WHAT TO DO: In the answer, each line from the top of the material through the line that contains "For iPhone 13" is restated exactly. No picture is given again.

-----

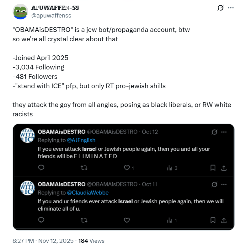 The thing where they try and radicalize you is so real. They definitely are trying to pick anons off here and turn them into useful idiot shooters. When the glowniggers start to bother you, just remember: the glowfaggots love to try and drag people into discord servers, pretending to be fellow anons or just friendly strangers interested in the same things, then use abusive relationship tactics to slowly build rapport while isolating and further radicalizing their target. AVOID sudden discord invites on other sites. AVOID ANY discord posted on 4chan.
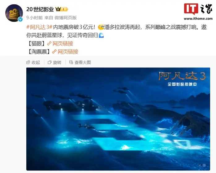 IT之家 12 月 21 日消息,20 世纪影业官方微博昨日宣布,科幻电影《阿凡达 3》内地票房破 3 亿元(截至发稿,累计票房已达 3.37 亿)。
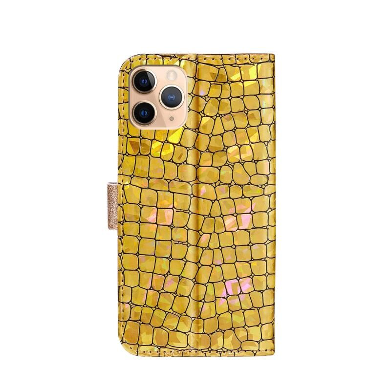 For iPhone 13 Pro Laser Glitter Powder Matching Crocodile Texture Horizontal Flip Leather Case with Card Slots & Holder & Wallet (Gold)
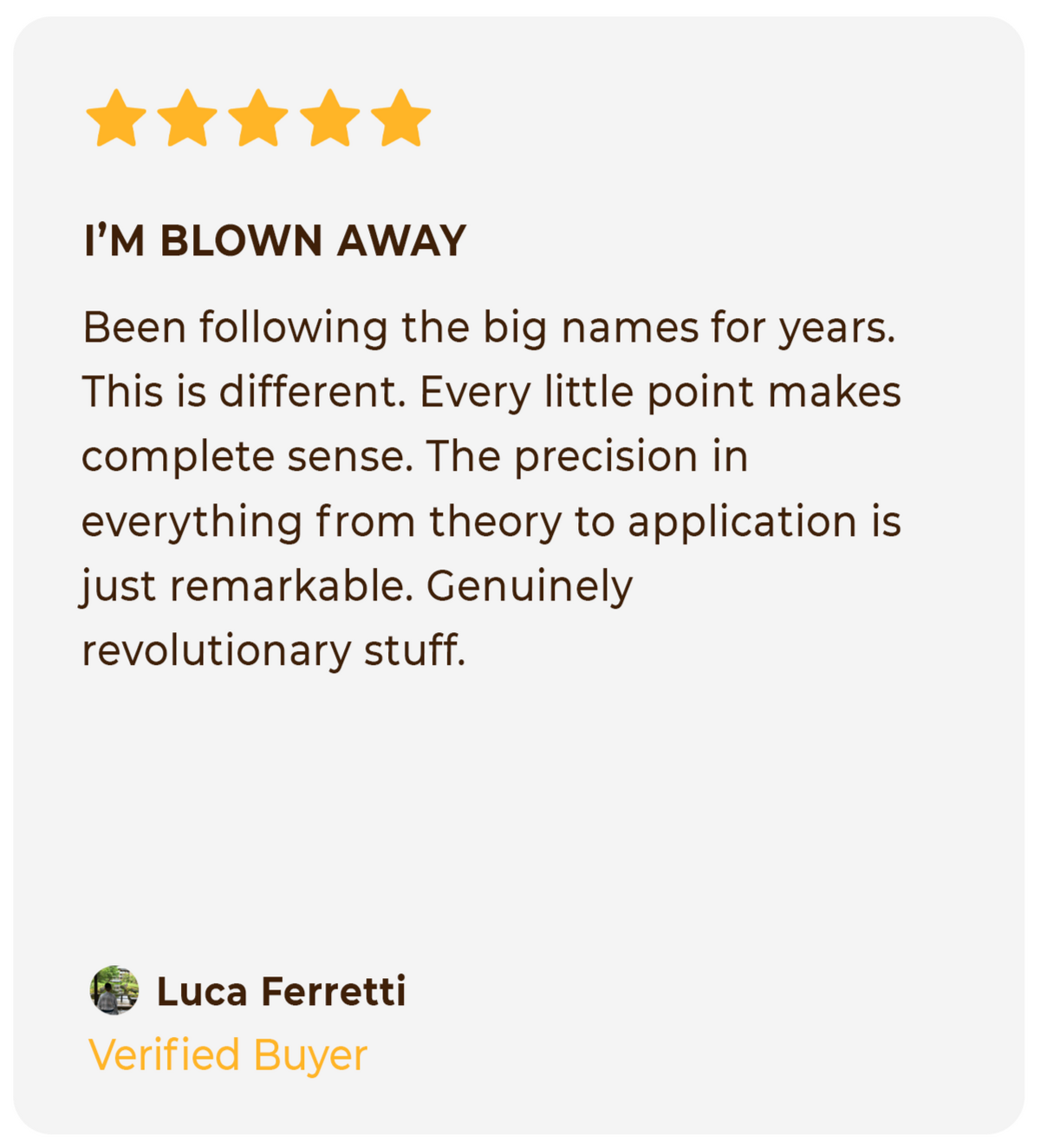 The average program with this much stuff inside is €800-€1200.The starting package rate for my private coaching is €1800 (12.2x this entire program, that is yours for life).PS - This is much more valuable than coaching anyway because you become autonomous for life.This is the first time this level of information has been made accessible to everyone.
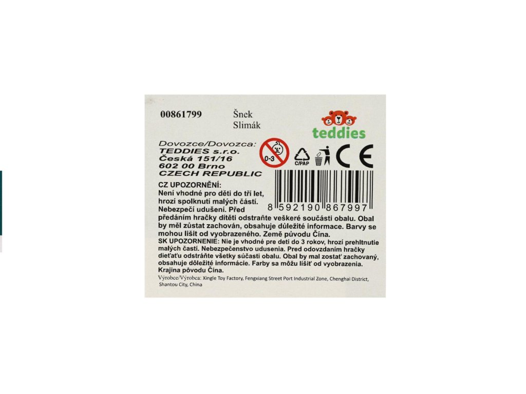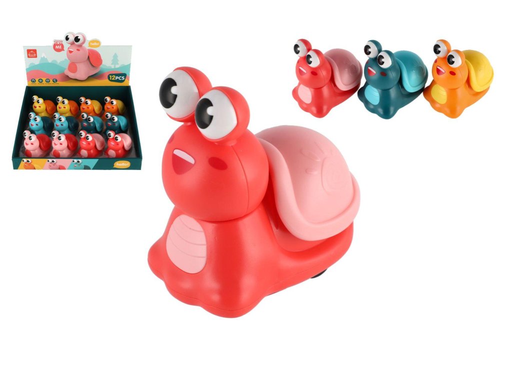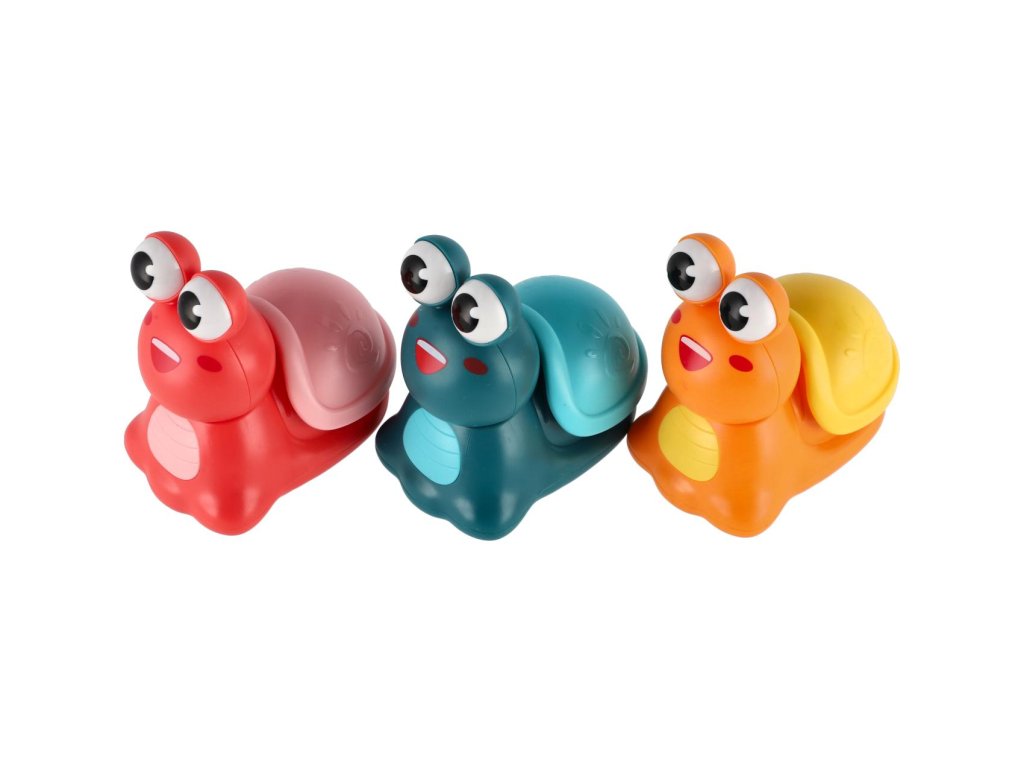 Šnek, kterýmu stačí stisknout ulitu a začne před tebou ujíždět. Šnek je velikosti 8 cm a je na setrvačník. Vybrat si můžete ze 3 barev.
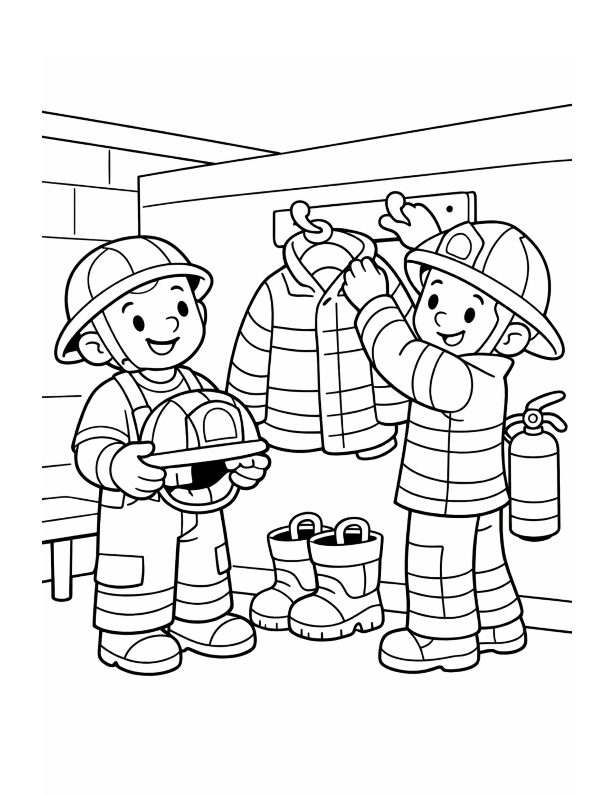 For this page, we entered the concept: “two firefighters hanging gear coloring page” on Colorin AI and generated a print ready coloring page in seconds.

-----

OUTPUT OF THE TASK:
 The thing where they try and radicalize you is so real. They definitely are trying to pick anons off here and turn them into useful idiot shooters. When the glowniggers start to bother you, just remember: the glowfaggots love to try and drag people into discord servers, pretending to be fellow anons or just friendly strangers interested in the same things, then use abusive relationship tactics to slowly build rapport while isolating and further radicalizing their target. AVOID sudden discord invites on other sites. AVOID ANY discord posted on 4chan.
 IT之家 12 月 21 日消息,20 世纪影业官方微博昨日宣布,科幻电影《阿凡达 3》内地票房破 3 亿元(截至发稿,累计票房已达 3.37 亿)。
 For iPhone 13 Pro Laser Glitter Powder Matching Crocodile Texture Horizontal Flip Leather Case with Card Slots & Holder & Wallet (Gold)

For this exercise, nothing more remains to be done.